Statistical Analysis
No sample size calculation was performed because this was a convenience sample. ND and CL cohorts were compared using the independent t-test for continuous variables and the χ2 or Fisher exact test for categorical variables. The Cochran-Mantel-Haenszel test was used to identify covariate for intubation outcome. Binary logistic regression was used to identify risk factors for 90-day mortality (with dependent variable as death vs no death). Only univariate analysis was performed to assess potential risk factors of mortality for each cohort (multivariable analysis was not performed), and ND and CL cohorts were analyzed separately. p Value ≤0.05 was considered statistically significant. In domains where multiple comparisons were made between ND and CL cohorts and null hypothesis was rejected, Holm-Bonferroni correction17 was performed to protect against type 1 error. All analyses were performed using SAS software (SAS Studio 3.8, SAS Institute Inc, Cary, NC).
Standard Protocol Approvals, Registrations, and Patient Consents
This study protocol was approved by ethical standards committee: Institutional Review Board (IRB) at Rush University Medical Center. It was determined by the IRB that written informed consent by participants was not needed due to the retrospective nature of this study and lack of identifiable personal health information being used.
Data Availability
All study data, including raw data and analyzed data, are available from the corresponding author on reasonable request.
Results
Demographics
Two hundred sixty-two patients were included in the study, with 132 in the ND group and 132 in the CL group. Data were complete for all assessed variables and outcomes. Baseline characteristics were similar between the 2 groups including age, sex, BMI, medical comorbidities, race, and median household income based on zip code (Table 2). There were more patients with Hispanic or Latin American ethnicity in the CL group compared with the ND group (33.3% vs 19.7%, respectively, p = 0.012). In addition, a higher portion of patients with ND resided in nursing home (NH) before admission compared with CL (43.2% vs 9.0%, respectively, p < 0.0001). Baseline NDs are listed for the ND group, with the most common being unspecified dementia, followed by PD or parkinsonism, Alzheimer disease, vascular dementia, multiple sclerosis, ataxia, and frontotemporal dementia. None of the patients had Huntington disease or amyotrophic lateralizing sclerosis. Some patients had multiple diagnoses (e.g., vascular dementia and PD).
Table 2.
Primary Outcomes
Death was similar between the 2 groups (Table 3; ND 19.7% vs CL 23.5%, p = 0.45), as was the ICU admission rate (Table 4; ND 31.5% vs CL 35.9%, p = 0.87). Intubation or mechanical ventilation was more frequent in the CL group (Table 4; CL 23.2% vs ND 11.4%, p = 0.0075). After adjusting for code status, there was no longer a difference in ventilation or intubation rate between the 2 groups. Relative risk (RR) of intubation or ventilation in the ND group without controlling for DNR/DNI code status was 0.88, 95% confidence interval (CI) 0.79–0.98, and RR after controlling for DNR/DNI code status was 1.04, 95% CI 0.92–1.16.
Table 3.
Table 4.
Secondary Outcomes
Most patients in both groups had 1 hospitalization for COVID-19, and a minority of patients in each group had 2 or 3 hospitalizations (Table 3). With regard to presenting COVID-19 symptoms, fever or chills, weakness or fatigue, loss of appetite, nausea or vomiting, and sore throat were similar between the 2 groups. Cough, shortness of breath, muscle pain or myalgias, diarrhea or abdominal pain, headache, and loss of smell or taste were reported more frequently in the CL cohort, whereas altered mental status or confusion was more common in the ND cohort (Table 3).

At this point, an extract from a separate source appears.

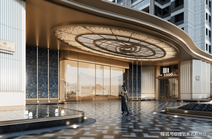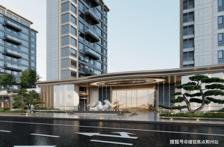 西侧是项目社区门庭,沿街展面高达约58米,呈现出五星级酒店的规格。

During the hospitalization, CL had a higher rate of supplementary oxygen use (Table 4; CL 95.1% vs ND 83.2%, p = 0.0012), whereas patients with ND had a higher rate of encephalopathy (Table 4; ND 62.4% vs CL 20.4%, p < 0.0001). Both groups had similar length of stay and similar rates of DNR/DNI code status on admission and COVID-19 medication prescription. Patients with ND were prescribed neuroleptic medications more frequently (ND 24.8% vs CL 10.6%), but there was no difference in new neuroleptic prescription, i.e., when we removed patients who were prescribed neuroleptic medication before hospitalization. Discharge disposition was different between the 2 groups, with CL being discharged to home and acute rehabilitation unit more frequently and patients with ND discharged to NH or skilled nursing facility (SNF) or hospice more frequently (Table 4). The difference in discharge to NH of SNF between the 2 groups was maintained even when we removed patients who lived in NH before hospitalization (Table 4; new SNF or NH, ND 12.8% vs CL 2.1%, p = 0.003).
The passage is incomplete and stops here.